DIRECTIONS FOR THIS TASK
All pictures are to be omitted while the lines starting at the line with "木材加工実習の授業です。ケガ" and ending at the line with "WILDX 워시드 블랙 남녀공용 카고 반바지 - POIZON" in the material below are retyped exactly, both ends included.

TASK DATA
=== Section Start ===

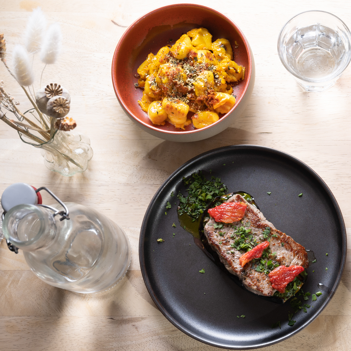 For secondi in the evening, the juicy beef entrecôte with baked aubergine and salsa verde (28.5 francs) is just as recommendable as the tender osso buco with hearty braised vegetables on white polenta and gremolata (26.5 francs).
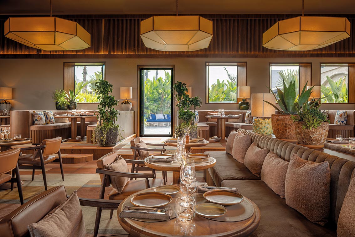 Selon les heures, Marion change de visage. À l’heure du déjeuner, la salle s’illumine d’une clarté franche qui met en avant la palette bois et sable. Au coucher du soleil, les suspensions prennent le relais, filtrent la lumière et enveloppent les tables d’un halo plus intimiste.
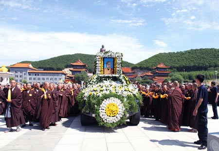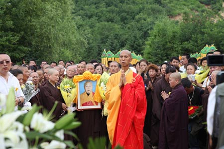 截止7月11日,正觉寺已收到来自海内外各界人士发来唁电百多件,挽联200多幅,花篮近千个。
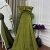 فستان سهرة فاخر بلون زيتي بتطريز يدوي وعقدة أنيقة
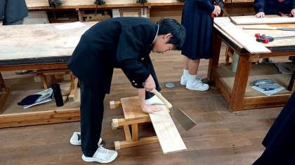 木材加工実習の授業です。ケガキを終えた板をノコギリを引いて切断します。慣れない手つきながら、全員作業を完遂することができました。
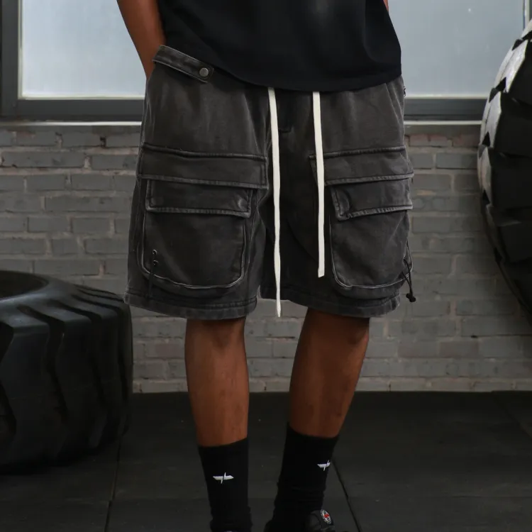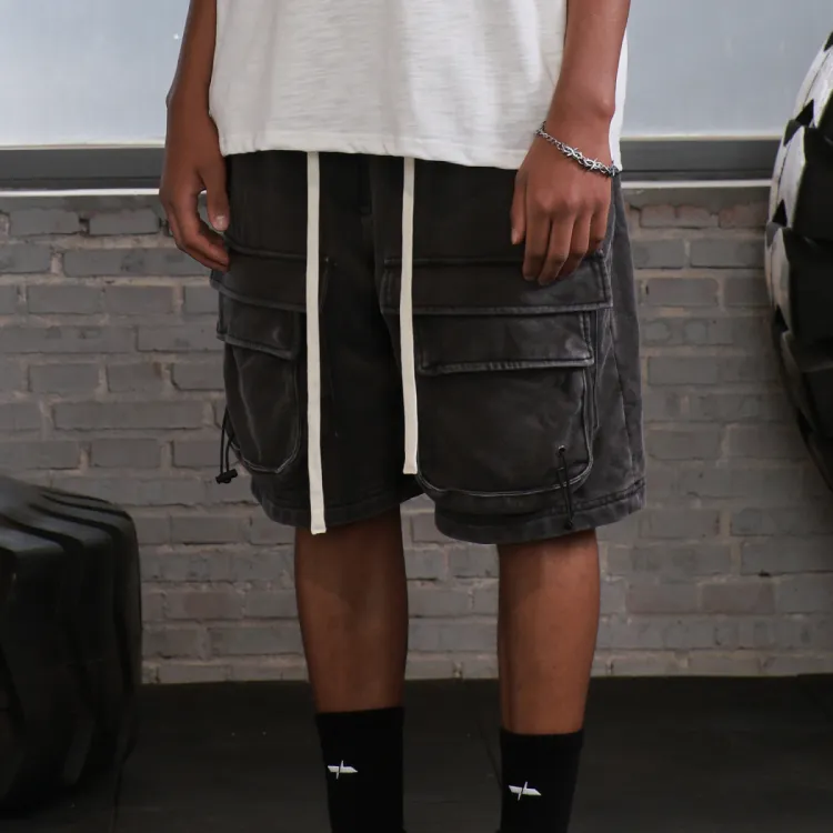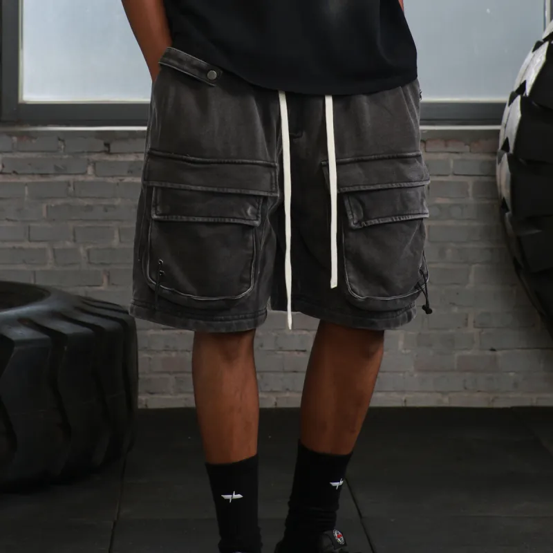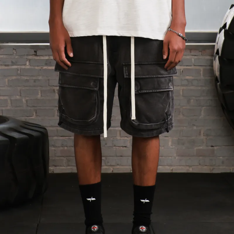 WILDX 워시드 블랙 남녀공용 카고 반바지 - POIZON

=== Section End ===
=== Section Start ===

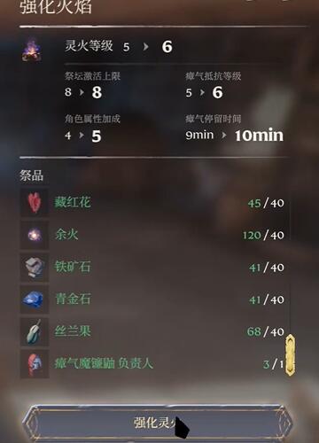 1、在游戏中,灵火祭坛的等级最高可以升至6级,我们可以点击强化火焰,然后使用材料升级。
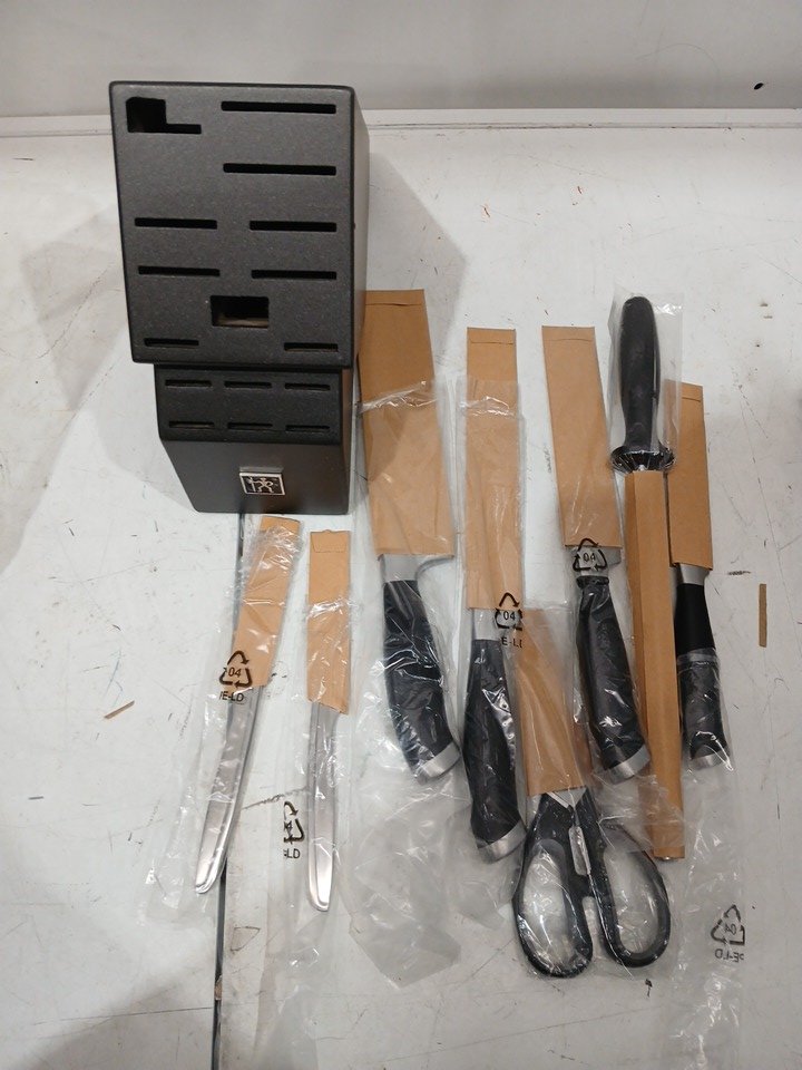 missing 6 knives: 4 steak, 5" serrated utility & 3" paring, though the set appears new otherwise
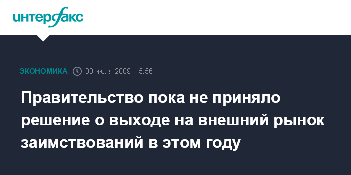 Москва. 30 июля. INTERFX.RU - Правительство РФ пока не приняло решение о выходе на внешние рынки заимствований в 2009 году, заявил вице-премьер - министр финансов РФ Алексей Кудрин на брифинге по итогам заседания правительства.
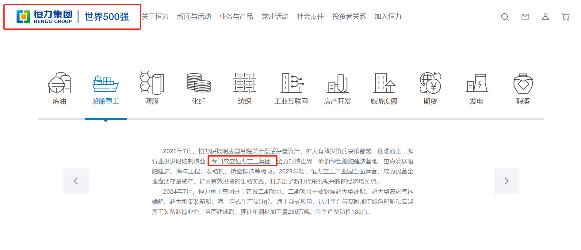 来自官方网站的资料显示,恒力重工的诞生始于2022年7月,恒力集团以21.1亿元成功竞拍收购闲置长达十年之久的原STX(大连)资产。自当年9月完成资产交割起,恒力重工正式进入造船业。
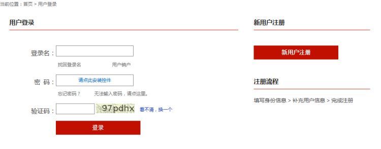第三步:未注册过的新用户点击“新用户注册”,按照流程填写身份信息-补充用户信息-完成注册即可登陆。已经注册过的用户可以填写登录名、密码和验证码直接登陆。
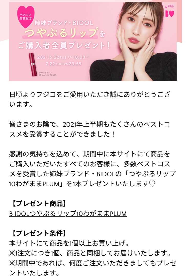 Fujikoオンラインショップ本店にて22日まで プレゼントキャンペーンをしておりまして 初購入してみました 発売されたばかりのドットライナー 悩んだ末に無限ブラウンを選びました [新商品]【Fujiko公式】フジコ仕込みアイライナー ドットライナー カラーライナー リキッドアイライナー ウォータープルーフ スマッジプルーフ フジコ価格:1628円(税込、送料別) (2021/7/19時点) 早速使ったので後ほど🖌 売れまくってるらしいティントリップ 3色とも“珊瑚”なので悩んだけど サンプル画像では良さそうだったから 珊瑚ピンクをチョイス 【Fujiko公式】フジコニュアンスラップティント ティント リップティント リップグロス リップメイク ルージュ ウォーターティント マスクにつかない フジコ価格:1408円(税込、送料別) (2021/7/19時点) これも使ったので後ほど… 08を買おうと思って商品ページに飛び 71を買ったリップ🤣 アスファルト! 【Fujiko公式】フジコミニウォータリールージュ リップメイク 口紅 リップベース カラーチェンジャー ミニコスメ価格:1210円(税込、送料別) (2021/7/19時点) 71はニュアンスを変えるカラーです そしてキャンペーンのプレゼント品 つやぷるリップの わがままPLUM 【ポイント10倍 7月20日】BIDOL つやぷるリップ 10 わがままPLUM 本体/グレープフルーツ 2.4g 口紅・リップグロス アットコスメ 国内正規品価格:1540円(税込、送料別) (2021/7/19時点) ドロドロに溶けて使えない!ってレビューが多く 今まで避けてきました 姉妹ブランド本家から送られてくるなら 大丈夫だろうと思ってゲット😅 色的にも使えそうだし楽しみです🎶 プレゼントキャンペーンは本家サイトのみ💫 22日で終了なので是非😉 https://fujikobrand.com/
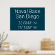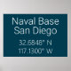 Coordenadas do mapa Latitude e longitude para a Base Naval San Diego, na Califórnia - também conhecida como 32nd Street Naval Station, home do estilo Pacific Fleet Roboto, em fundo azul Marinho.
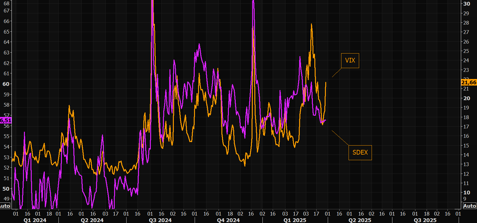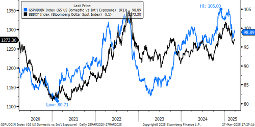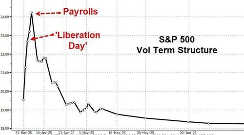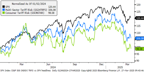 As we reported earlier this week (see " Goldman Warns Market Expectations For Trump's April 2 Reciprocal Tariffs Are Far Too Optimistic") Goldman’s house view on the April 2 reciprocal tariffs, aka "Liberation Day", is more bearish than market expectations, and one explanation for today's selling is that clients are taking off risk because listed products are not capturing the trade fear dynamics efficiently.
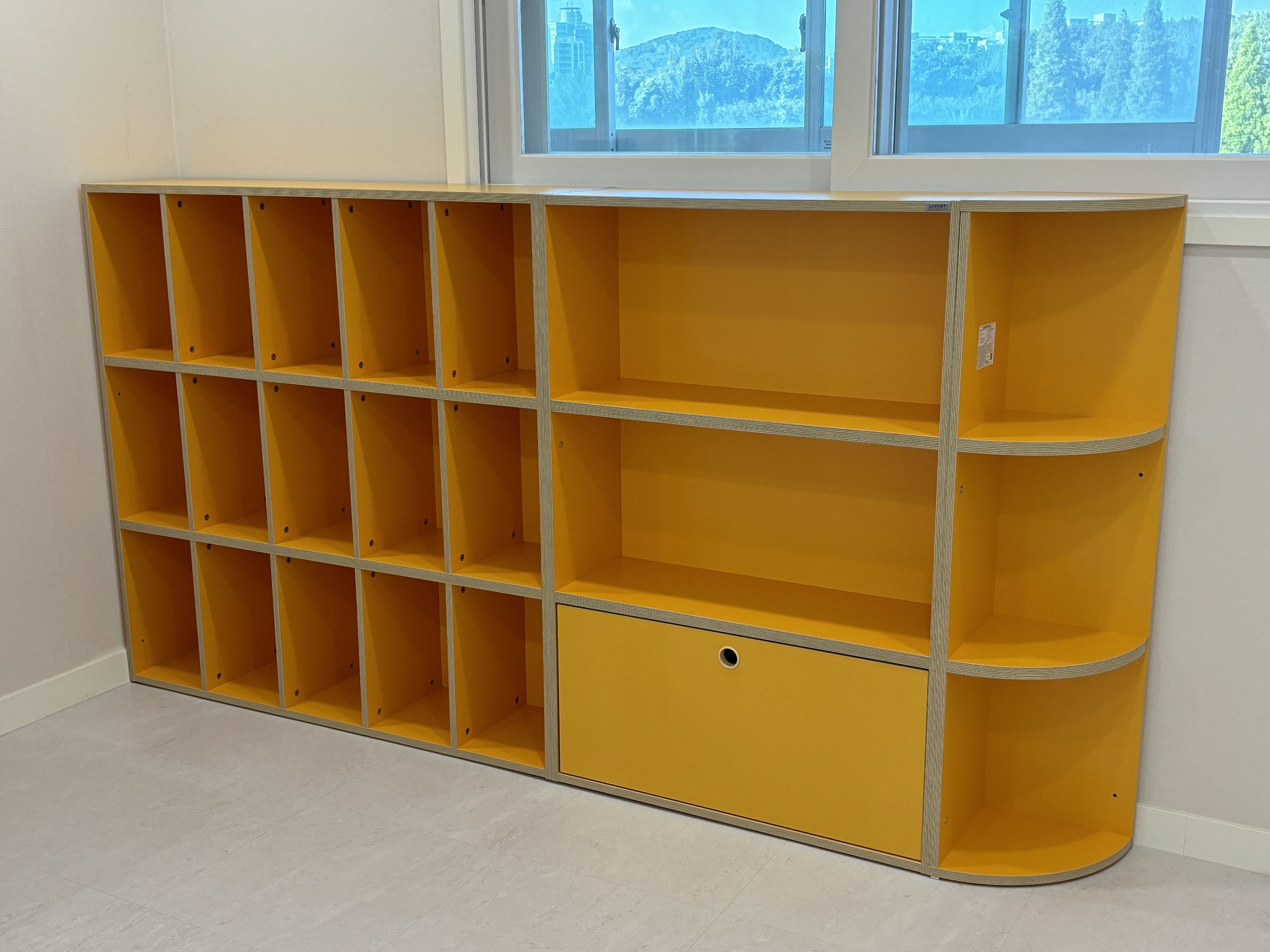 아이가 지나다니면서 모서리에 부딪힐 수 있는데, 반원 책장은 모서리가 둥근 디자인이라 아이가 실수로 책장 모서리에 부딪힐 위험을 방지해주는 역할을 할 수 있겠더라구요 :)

=== Section End ===
=== Section Start ===

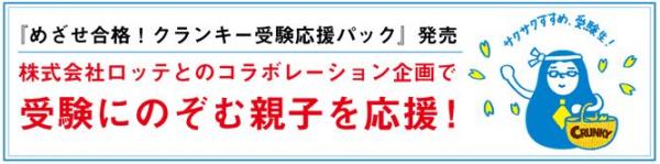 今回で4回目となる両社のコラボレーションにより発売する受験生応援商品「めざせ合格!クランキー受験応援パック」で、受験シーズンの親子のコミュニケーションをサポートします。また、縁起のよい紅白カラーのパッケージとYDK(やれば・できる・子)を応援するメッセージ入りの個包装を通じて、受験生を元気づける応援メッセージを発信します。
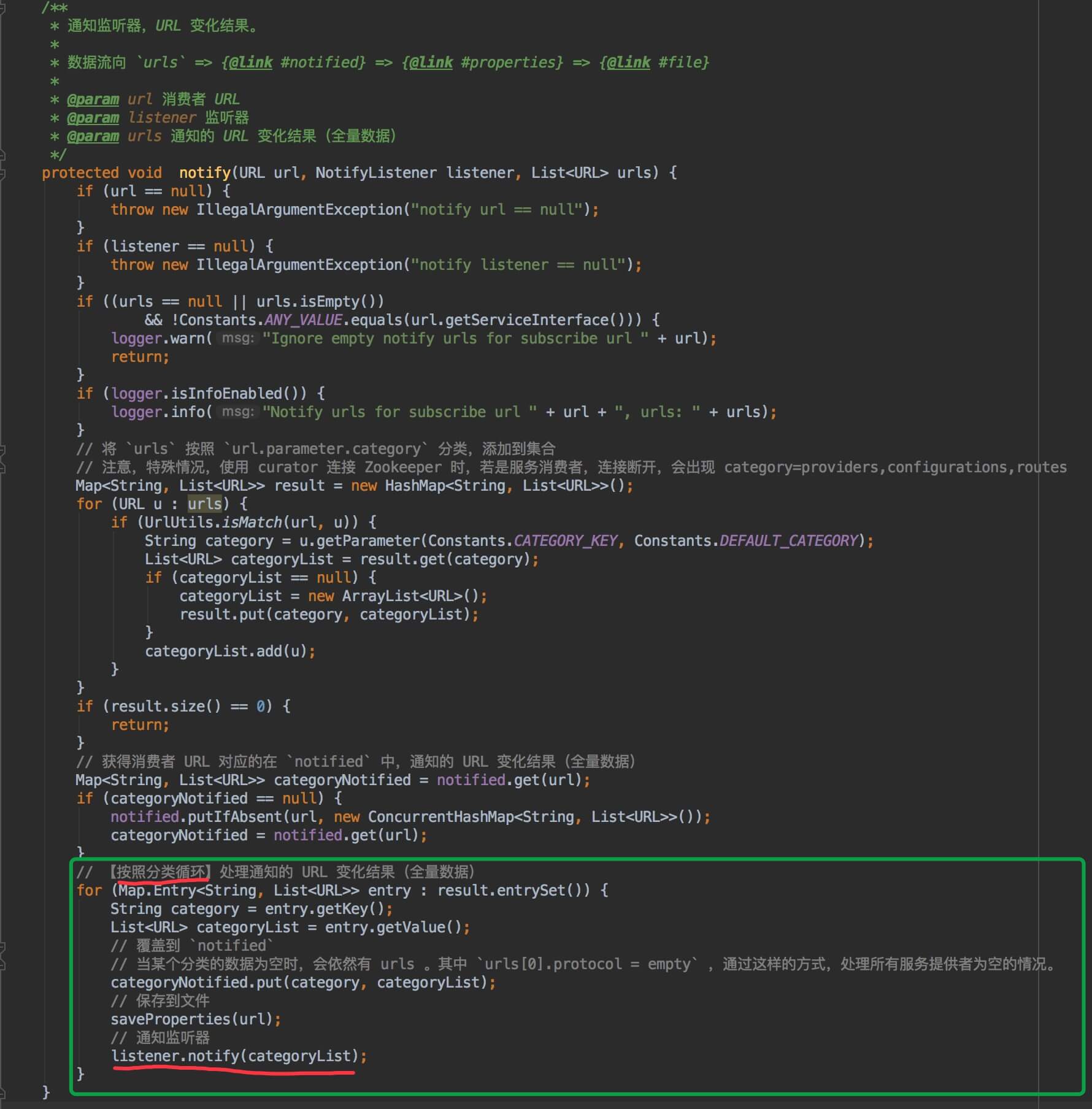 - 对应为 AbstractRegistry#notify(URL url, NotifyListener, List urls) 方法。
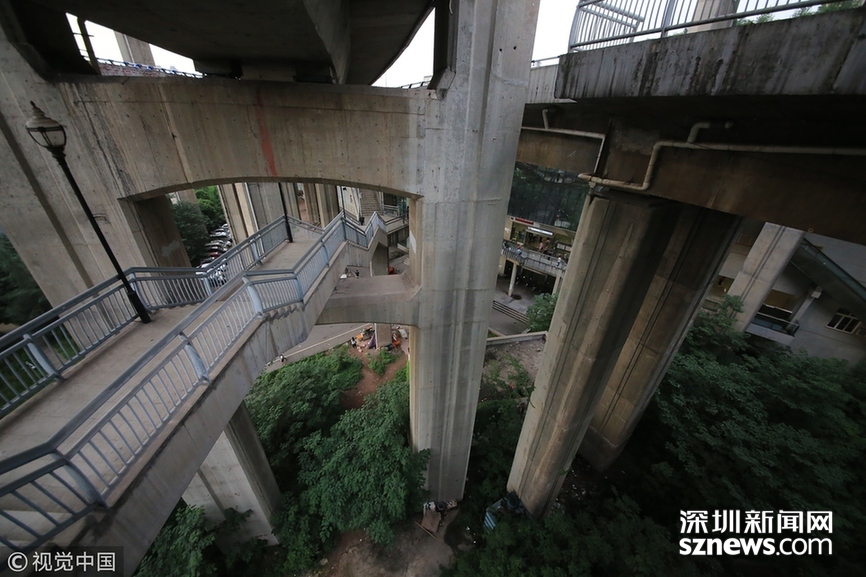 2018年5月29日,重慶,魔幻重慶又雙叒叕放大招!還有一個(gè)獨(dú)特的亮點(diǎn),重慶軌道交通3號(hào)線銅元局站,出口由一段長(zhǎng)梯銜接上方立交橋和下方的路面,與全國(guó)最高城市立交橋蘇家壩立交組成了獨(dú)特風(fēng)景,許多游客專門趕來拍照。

=== Section End ===

ANSWER SPACE
 木材加工実習の授業です。ケガキを終えた板をノコギリを引いて切断します。慣れない手つきながら、全員作業を完遂することができました。
 WILDX 워시드 블랙 남녀공용 카고 반바지 - POIZON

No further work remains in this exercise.